*** Block opens ***

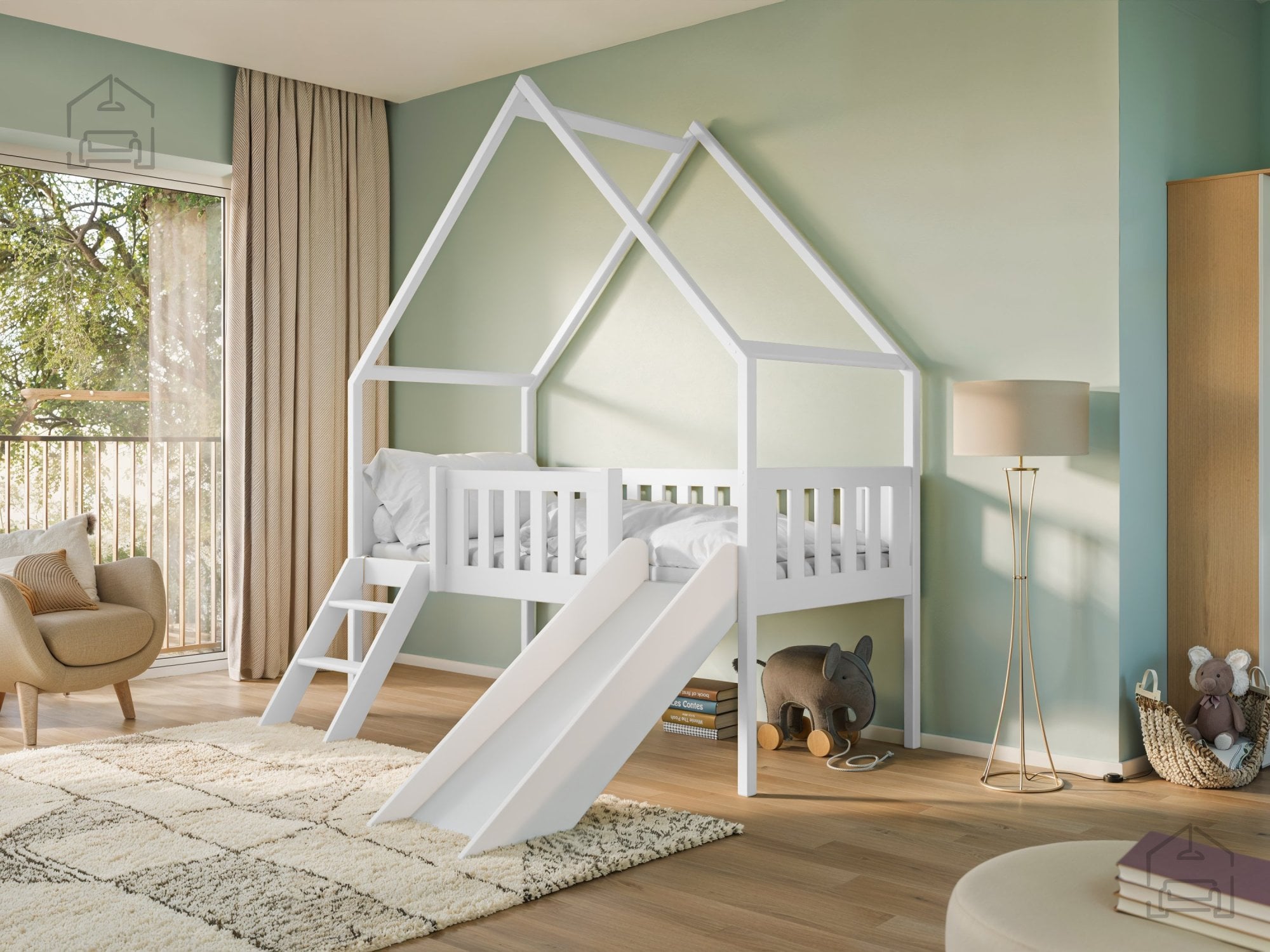 Zasnova v obliki hiške ponuja otroku občutek zasebnosti in lastnega prostora. Strešna konstrukcija omogoča dodatne možnosti dekoriranja – lahko se okrasi z lučkami, zastavicami ali tkaninami, kar ustvarja pravljično vzdušje. Tobogan ob strani postelje poskrbi za neomejeno zabavo in spodbuja gibanje, hkrati pa je zaradi premišljene postavitve varen in stabilen.
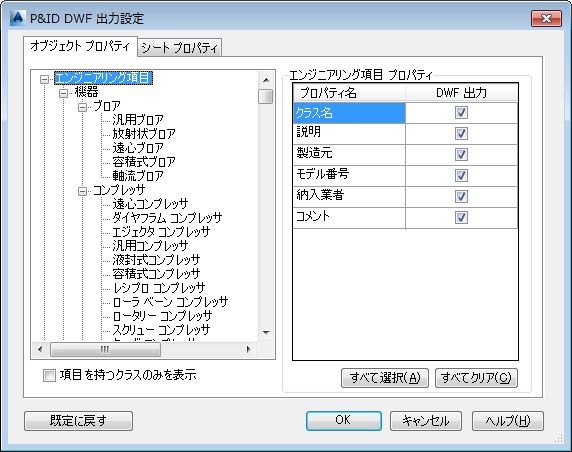 パブリッシュされた DWF ファイルに含めることができるオブジェクト プロパティのリストが表示されます。
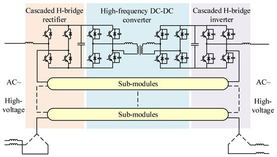 In recent years, with the rapid development of power semiconductor devices and power electronic technologies, the transformer-less cascaded multilevel converter (TCMC) has attracted extensive attention in the medium and high voltage application [1,2,3,4,5,6,7]. As shown in Figure 1, by employing the cascade H-bridge (CHB) converter as the front (last) stage, and the high-frequency isolated bidirectional DC-DC converter as the DC/DC stage, the TCMC can not only remove the bulky and expensive line-frequency transformer, but can also be connected directly to the medium/high voltage power grid and suited for the bidirectional power flow applications, such as coal mine hoists and locomotive traction, with some features as small size and light weight.
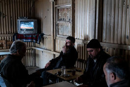 Palestinian men living in the Souf refugee camp play cards inside an old coffee shop in the camp.
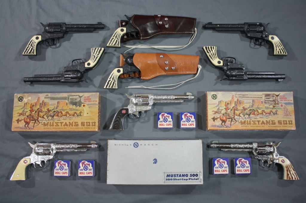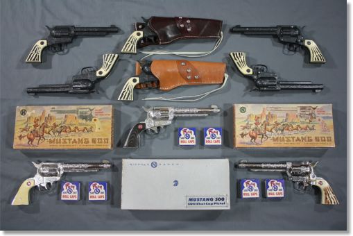 The top shows blued Mustang 500s with a couple of leather holsters from
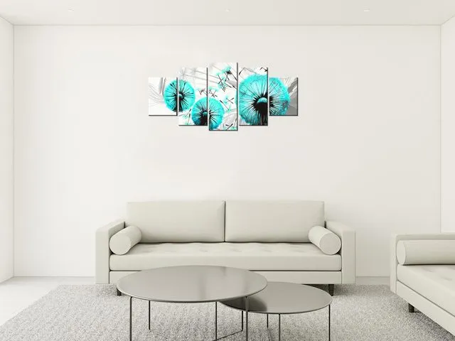 4029A_5D Štýlový obraz na plátne Púpavy v tyrkysovej farbe |

*** Block closes ***

* **Exercise details**
Omit the pictures. Write out exactly the lines from the one containing "Palestinian men living" through the last line of the entries, both of them included.

* **Result**
 Palestinian men living in the Souf refugee camp play cards inside an old coffee shop in the camp.
 The top shows blued Mustang 500s with a couple of leather holsters from
 4029A_5D Štýlový obraz na plátne Púpavy v tyrkysovej farbe |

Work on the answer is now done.